Task description:
The output must match the lines from the first line of the listing below through the line holding "今日は4年生で歯科衛生士さん" exactly and must contain no pictures.

Given material:
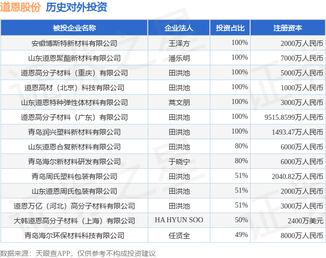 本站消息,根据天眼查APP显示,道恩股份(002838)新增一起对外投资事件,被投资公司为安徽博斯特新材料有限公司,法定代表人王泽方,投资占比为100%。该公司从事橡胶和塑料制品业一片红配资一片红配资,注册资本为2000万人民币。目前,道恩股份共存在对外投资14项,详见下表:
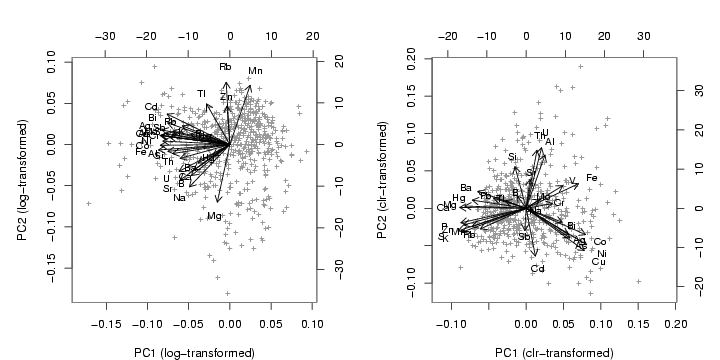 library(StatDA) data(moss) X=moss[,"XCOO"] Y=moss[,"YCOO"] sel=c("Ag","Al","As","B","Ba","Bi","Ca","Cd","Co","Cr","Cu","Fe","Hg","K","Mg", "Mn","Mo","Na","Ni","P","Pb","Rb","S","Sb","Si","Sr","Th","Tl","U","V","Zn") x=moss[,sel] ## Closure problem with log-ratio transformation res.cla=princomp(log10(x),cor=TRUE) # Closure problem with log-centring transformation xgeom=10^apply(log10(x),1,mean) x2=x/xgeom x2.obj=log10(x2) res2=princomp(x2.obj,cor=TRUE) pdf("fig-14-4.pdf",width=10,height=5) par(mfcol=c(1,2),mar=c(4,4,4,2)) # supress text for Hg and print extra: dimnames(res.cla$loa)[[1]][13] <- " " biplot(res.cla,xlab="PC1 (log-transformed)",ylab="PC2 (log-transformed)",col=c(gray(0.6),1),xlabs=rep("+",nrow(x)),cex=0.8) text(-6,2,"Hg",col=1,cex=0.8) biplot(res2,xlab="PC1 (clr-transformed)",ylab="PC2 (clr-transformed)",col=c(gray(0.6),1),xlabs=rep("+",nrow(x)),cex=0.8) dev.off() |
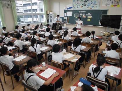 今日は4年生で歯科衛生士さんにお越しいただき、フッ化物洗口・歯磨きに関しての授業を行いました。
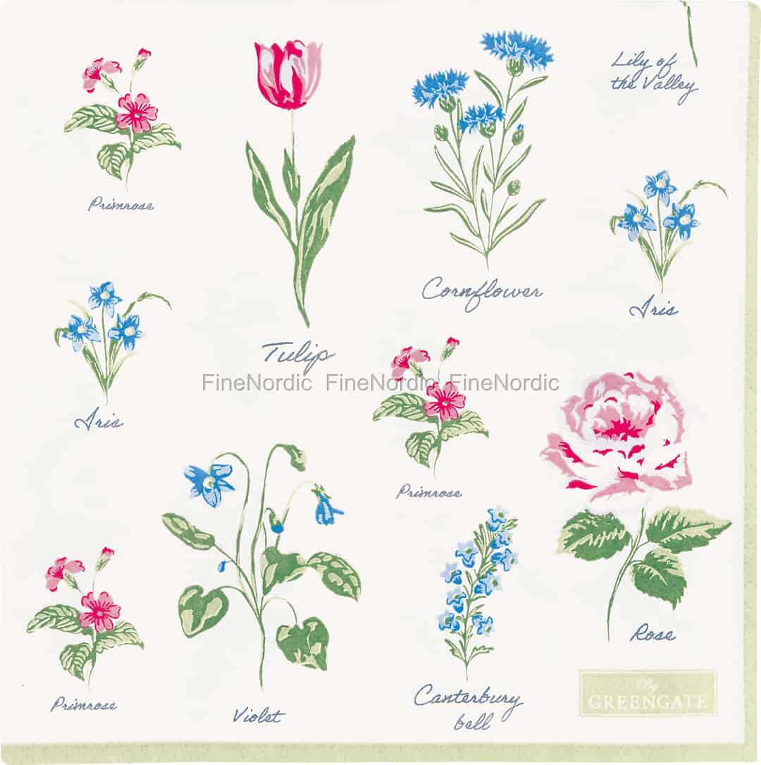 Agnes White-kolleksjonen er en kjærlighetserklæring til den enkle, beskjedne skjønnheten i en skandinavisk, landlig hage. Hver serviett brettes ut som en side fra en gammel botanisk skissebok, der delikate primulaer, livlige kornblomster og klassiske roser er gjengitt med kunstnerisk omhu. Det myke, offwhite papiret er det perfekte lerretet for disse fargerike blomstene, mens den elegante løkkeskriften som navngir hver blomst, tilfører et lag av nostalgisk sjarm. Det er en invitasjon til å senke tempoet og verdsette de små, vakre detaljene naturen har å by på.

Task response:
 本站消息,根据天眼查APP显示,道恩股份(002838)新增一起对外投资事件,被投资公司为安徽博斯特新材料有限公司,法定代表人王泽方,投资占比为100%。该公司从事橡胶和塑料制品业一片红配资一片红配资,注册资本为2000万人民币。目前,道恩股份共存在对外投资14项,详见下表:
 library(StatDA) data(moss) X=moss[,"XCOO"] Y=moss[,"YCOO"] sel=c("Ag","Al","As","B","Ba","Bi","Ca","Cd","Co","Cr","Cu","Fe","Hg","K","Mg", "Mn","Mo","Na","Ni","P","Pb","Rb","S","Sb","Si","Sr","Th","Tl","U","V","Zn") x=moss[,sel] ## Closure problem with log-ratio transformation res.cla=princomp(log10(x),cor=TRUE) # Closure problem with log-centring transformation xgeom=10^apply(log10(x),1,mean) x2=x/xgeom x2.obj=log10(x2) res2=princomp(x2.obj,cor=TRUE) pdf("fig-14-4.pdf",width=10,height=5) par(mfcol=c(1,2),mar=c(4,4,4,2)) # supress text for Hg and print extra: dimnames(res.cla$loa)[[1]][13] <- " " biplot(res.cla,xlab="PC1 (log-transformed)",ylab="PC2 (log-transformed)",col=c(gray(0.6),1),xlabs=rep("+",nrow(x)),cex=0.8) text(-6,2,"Hg",col=1,cex=0.8) biplot(res2,xlab="PC1 (clr-transformed)",ylab="PC2 (clr-transformed)",col=c(gray(0.6),1),xlabs=rep("+",nrow(x)),cex=0.8) dev.off() |
 今日は4年生で歯科衛生士さんにお越しいただき、フッ化物洗口・歯磨きに関しての授業を行いました。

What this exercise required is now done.